__The task__. Print nothing but the lines from the start of the listing below through the line that contains "This character is". Do not include the pictures.

__Information provided__.
________________________________________

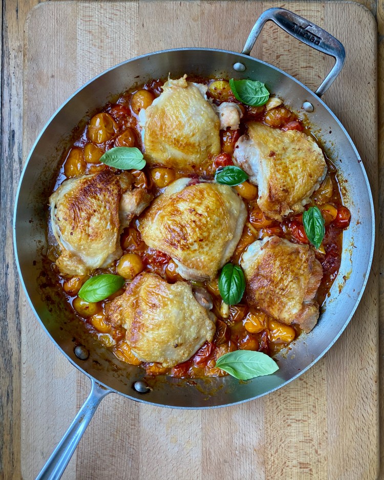 The origin of this simple, 45-minute, and 1-skillet recipe is a braised chicken dish made with canned, crushed tomatoes. With an abundance of cherry tomatoes in my larder, I tried the same recipe using fresh tomatoes instead of canned. Folks, we have a winner!
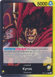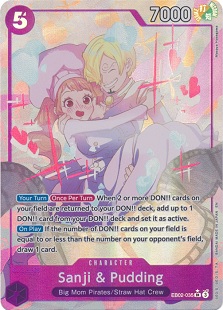 This character is a 5 DON!! Cost 7000 power purple character with two different abilities. The first is "[Your Turn][Once Per Turn] When 2 or more DON!! cards on your field are returned to your DON!! deck, add up to 1 DON!! card from your DON!! deck and set is as active" as well as the ability "[On Play] If the number of DON!! cards on your field is equal to or less than the number on your opponent's field, draw 1 card."
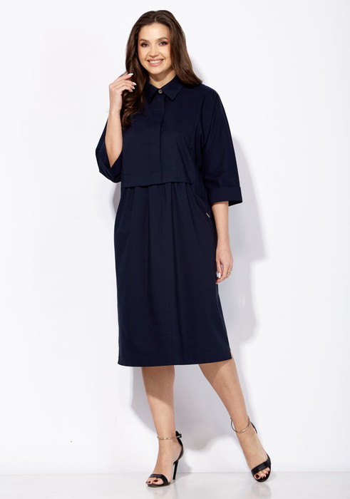 Платье женское, прямого силуэта с цельнокройным рукавом, длинной 3/4. По низу рукава манжет. По переду фигурные рельефы от плеча с карманами в них. Центральная часть отрезная по талии, с отлетной планкой и небольшой сборкой из по нее. Воротник рубашечный, на стойке. Застежка потайная, на пуговицы, до талии. По спинке фигурные рельефы от плеча. Центральная часть акцентирована настроченой деталью с декором. По бокам маленькие разрезы, закругленные со спинки.

________________________________________

__Written solution__.
 The origin of this simple, 45-minute, and 1-skillet recipe is a braised chicken dish made with canned, crushed tomatoes. With an abundance of cherry tomatoes in my larder, I tried the same recipe using fresh tomatoes instead of canned. Folks, we have a winner!
 This character is a 5 DON!! Cost 7000 power purple character with two different abilities. The first is "[Your Turn][Once Per Turn] When 2 or more DON!! cards on your field are returned to your DON!! deck, add up to 1 DON!! card from your DON!! deck and set is as active" as well as the ability "[On Play] If the number of DON!! cards on your field is equal to or less than the number on your opponent's field, draw 1 card."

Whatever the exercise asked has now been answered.